The Kitchen Without Limits
Chefs Daniel Humm, Homaro Cantu, Jose Andres and more share their ultimate fantasy kitchen tools — adherence to the laws of physics not required.
In many ways, we're already living in the future: Kitchen technology is finally at the point where a chef can, without too much effort, serve a levitating amuse-bouche or an exquisitely miniature dish comprised of 86 individual ingredients. While most home cooks can only fantasize about having at our disposal the types of cutting-edge gadgetry stockpiled at the world's top restaurants, a creative chef can always dream bigger. We asked six chefs to defy the laws of time and space to develop their ultimate fantasy kitchen tool.
Daniel Humm, Eleven Madison Park
The Conveyer of Optimum Excellence:
1. A black hole in each trash bin to discard trash into a compost heap in a galaxy far far away.
2. A cryovac machine that bends the laws of time: instant dry age, instant 48 hour sous vide, instant marinade, etc.
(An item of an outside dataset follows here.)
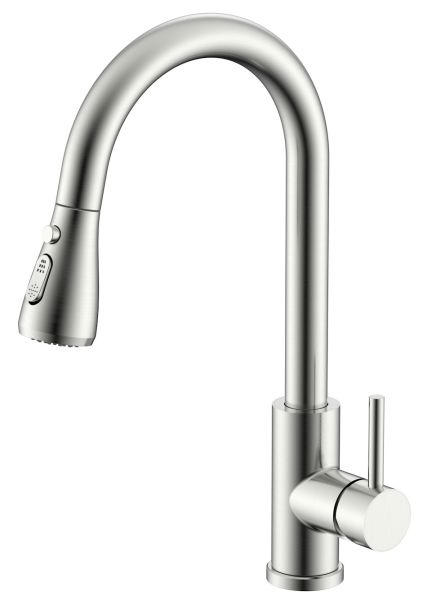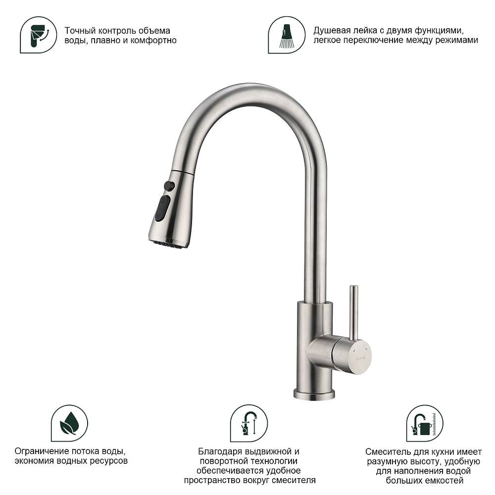 Смеситель для кухни с выдвижным изливом Splenka S203.49.05. Цвет: сатин. Смеситель для кухни с выдвижным изливом из нержавеющей стали. Излив смесителя оснащен аэратором, что обеспечивает экономичный расход воды. Излив поворотный и выдвижной. Механизм смесителя: керамический картридж. Управление рычажное. Подводка гибкая 1/2. Режимы лейки: 2. Данная модель отличается своей долговечностью и хорошим качеством.
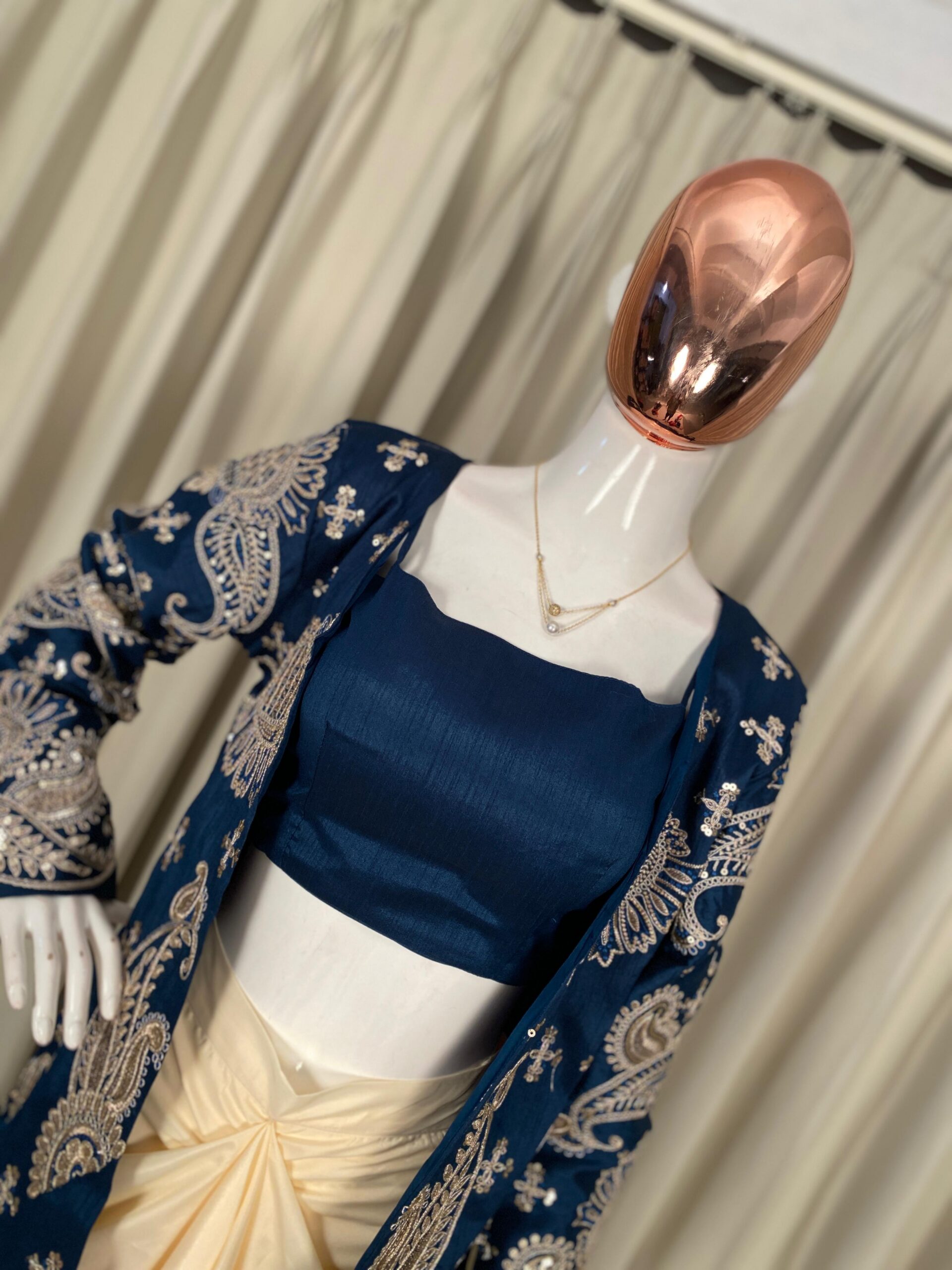 Navy Blue French Crape Embroidery Work Dhoti Suit

3. A quality improvement machine: put in a mediocre ingredient, and it comes out the best in the world.
(See fig. 1)
Anthony Martin, TRU
It might sound ridiculous, but I thought it would be cool to have a cookbook based on the Tupac Coachella hologram that could project an image of a first generation chef like Escoffier walking you through chateaubriand or other recipes and show you their technique. Unless a cookbook has great photos, it's even difficult for me to read through. That would be the ultimate kitchen tool, to be able to actually watch and see the technique. (See fig. 2)
Credit: Anthony Martin
Jose Andres, The Bazaar
My dream kitchen tool is a solar pot that could be used in developing countries where clean energy is not readily available. It would be "the pot that will feed that many"!
Homaro Cantu, Moto
You know when you're on your computer desktop and you push your data into the recycle bin? This invention will take all of that data and turn it into thermal energy for a cooktop. There is something in that data, so instead of erasing it, it would just recycle that energy as fuel for cooking your food properly.
Andrew Brochu, Graham Elliot
I would love to have a kitchen inspired by the movie Cube that would have fully stocked, self-cleaning stations for every chef. I would have a central control station where I could climb between every kitchen to manage them.
Matthew Kirkley, L2O
I'd love to have a time machine. There are all these chefs I idolized growing up that I never had a chance to work with, so it would be awesome to go back in time and pick vegetables with Alain Chapel at the market in the '70s, or cook with the masters.